Его снесли, к счастью... Мы ж все символами больше норовим изъясниться, а
не словами: чтоб написать, мол, отделение, которое терроризировало людей,
особенно глумилось над студенчеством и интеллигенцией, ныне закрыто, - в
назидание всем другим, позволяющим унижать человеческое достоинство...
Нет, не напишем... А снести - снесем, но без объясняющих слов... Сидели?
Или, как у меня, привод?
- Целых три.
- Ну и, конечно, родная милиция посылала письма в институт?
- А ну?
- Из института исключали?
- Дали строгача...
Костенко усмехнулся.
- На меня страх какую телегу накатали... Написали, что я оскорблял
достоинство славных орлов Лаврентия Павловича, - милиция тогда под ним
ходила.
- Это вы меня так разминаете?
- Зачем? Вы ж не рецидивист. Если в чем виноваты - завтра сами
расколетесь. Все интеллигенты текут после первой ночи в камере. До конца
держится только тот, кому терять нечего... Я не разминаю вас, просто можно
вернуть все, кроме времени; ум хорошо, два - лучше.

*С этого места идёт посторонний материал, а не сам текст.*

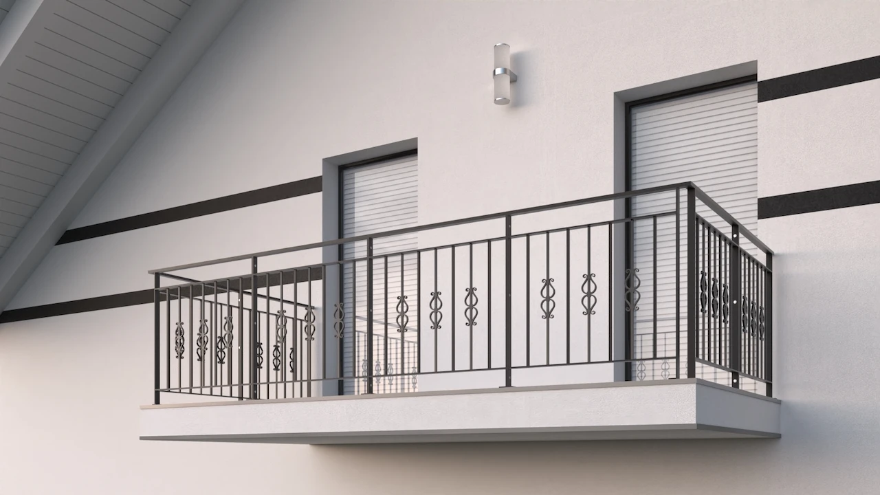 Garde-corps 2 Vases au design moderne en fer forgé. Ce modèle apportera sécurité et originalité à tous vos projets de terrasses et d’aménagement.

Костенко снова достал из кармана свой аппаратик; я спросил:
- Очень нравится эта штука?
Жлоб наверняка бы рассердился: <С чего это вы взяли?> Лицо же
полковника изменилось, сделалось странно застенчивым, вневозрастным, и он
ответил:
- Безумно.
Настроив <воки-токи> на нужную волну, он спросил невидимого
оперативника, что нового, и я услышал ответ:
- Мальчик впал в беспамятство...
Костенко спрятал аппаратик в карман, посмотрев на меня с некоторым
недоумением:
- Едем в больницу... Я сейчас позвоню Шейбеко, он гениальный врач,
надо что-то сделать...
Поманив своего верзилу, Костенко тихо сказал:
- Кто придет - задерживайте. Я предупрежу тех, кто на улице, чтобы
они провожали всех подозрительных до подъезда.